Although Szilard showed implicitly that information and entropy were intimately connected, the explicit details of the relationship between these two qualities, expressed in the form of equations, and the generalization of that relationship to such diverse phenomena as electrical circuits and genetic codes, were not yet known. It was Claude Shannon who made information into a technical term, and that technical term has since changed the popular meaning of the word."

etc etc etc

I was not aware of Szilard’s idea. It seems that I was suggesting more or less the same explanation. The Demon, in order to be able to process the required information and act upon it must be “conscious.” Not only must he exhibit “consciousness,” he must do so on a very small scale (molecular size). This means that his structure must be complex, probably more complex than would be physically possible, given the dimensions of atoms and molecules. But we may ignore that restriction and assume that such a complex demonic structure could exist in the physical demensions required for the Demon. Even if we assume this, the equations of Classical Thermodynamics would allow us to assign a “negative entropic value” to the Demon that would be calculated in the total entropy of his chamber, and would allow him to effect a “spontaneous” temperature difference between the chambers without violating the 2nd Law.

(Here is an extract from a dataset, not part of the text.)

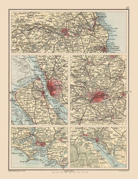 Major Cities United Kingdom - Bartholomew 1892 White Modern Wood Framed Art Print with Double Matting by Bartholomew
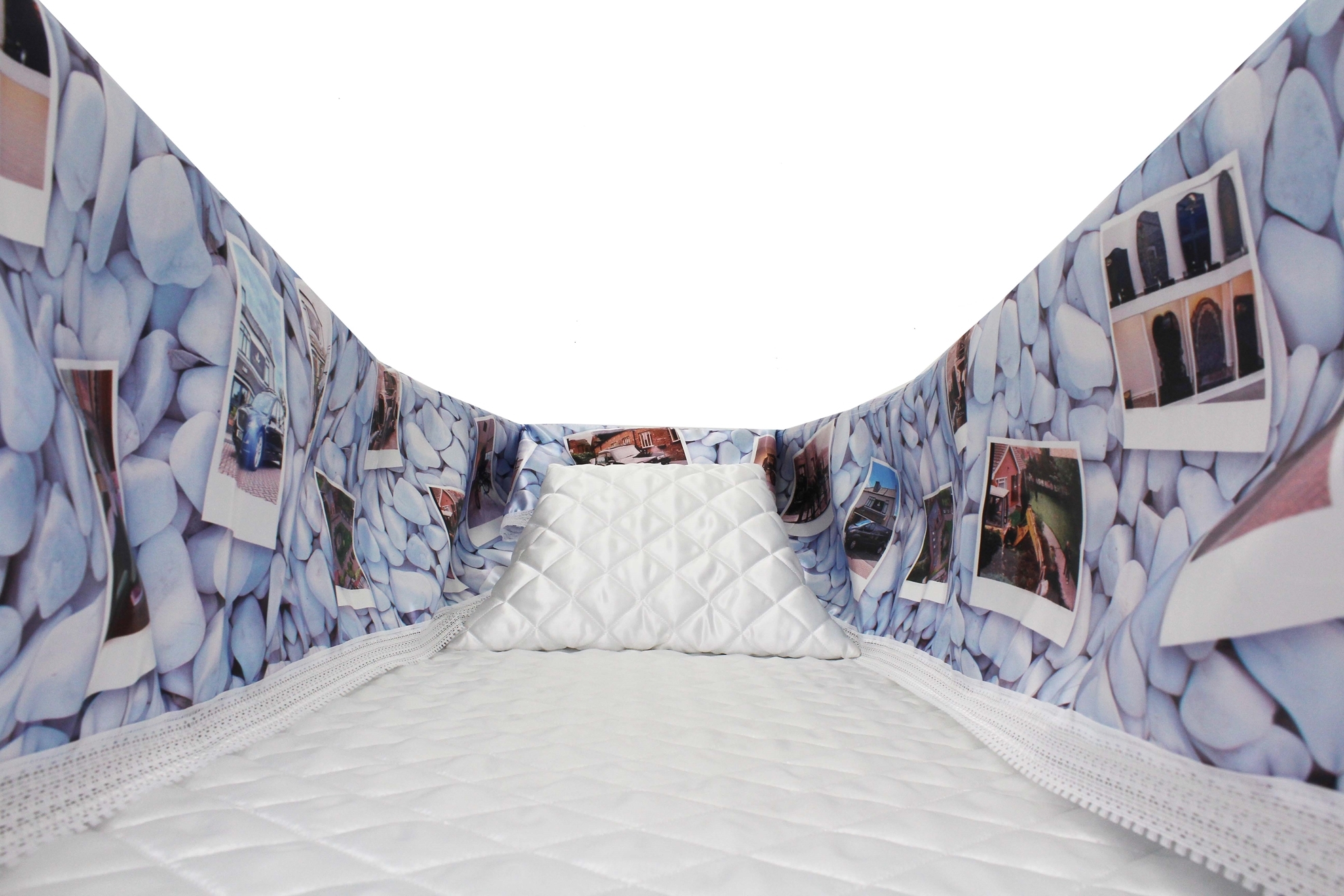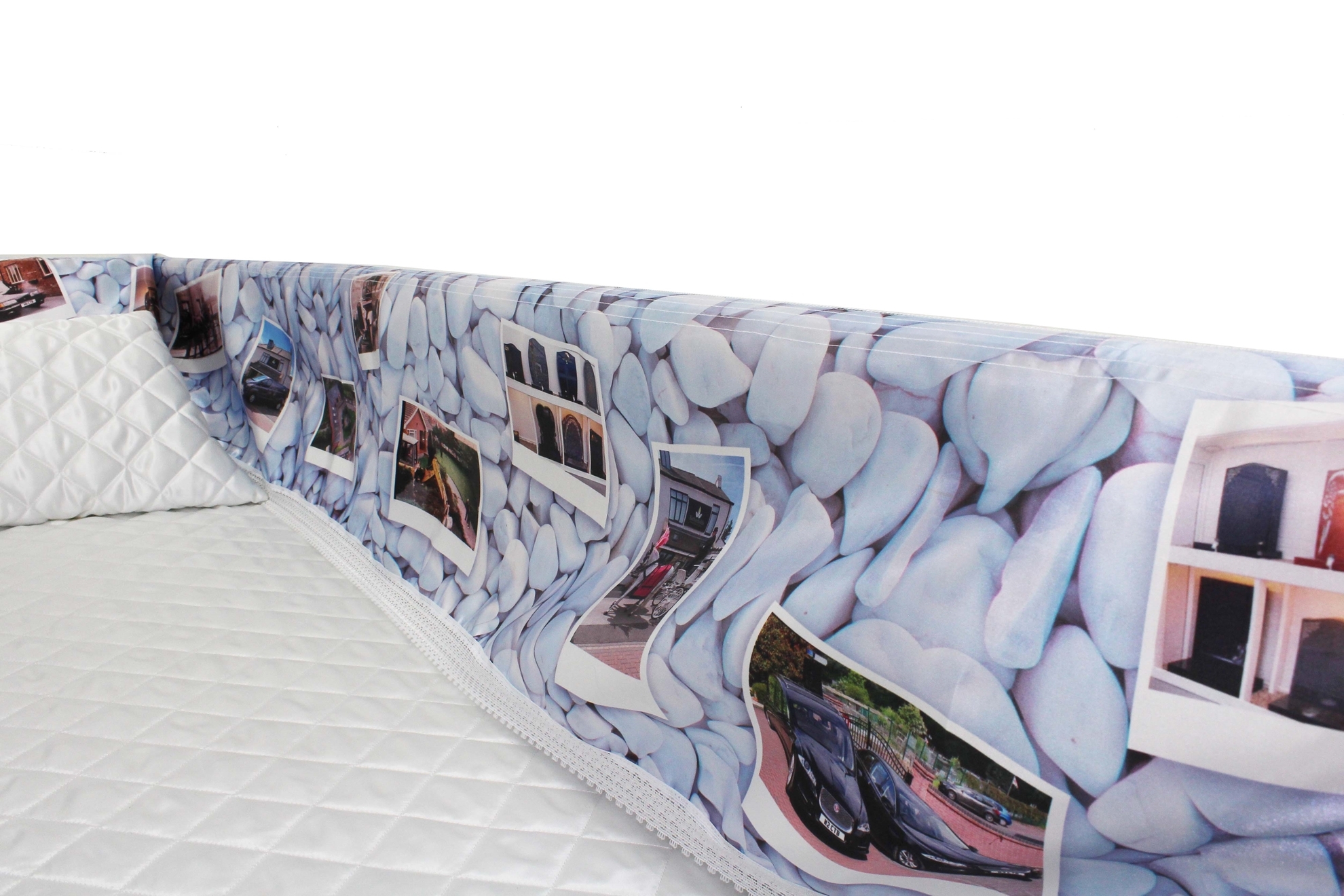 Luxury Satin 18-inch 2-way frill consisting of a 12-inch internal frill with an additional 6-inch exterior frill. The chosen design will be printed on the 18" 2-Way Frill. Please note the image shows a mattress and a pillow which are NOT included. Image is to illustrate style of Interior Only.

I just reviewed Szilard’s arguments,and I think I was saying the same thing, although I do think my presentation of the argument is a bit more clear than his.

One thing that I really like about Classical Thermodynamics is that its principles seem to have withstood the test of time and experimental scrutiny from the quantum to the galactic levels. This is quite amazing for a theory that is essentially empirical and based on common-sense macroscopic experience.

The only other scientific theory, in my opinion, that shares the success of Maxwell’s Classical Thermodynamics (especially the 2nd Law) is Darwin’s Theory of Natural Selection. These two theories seem to be profoundly true under any and all imaginable conditions anywhere and at every level of physical organization.

I think you may be making this more complicated than it needs to be. You need to remember that this was intended to be a Gedankenexperiment. Anthropomorphizing the “demon” blurs the fine point of the paradox which is that “information” about a system is not free and has a thermodynamic cost no matter how conceptualized.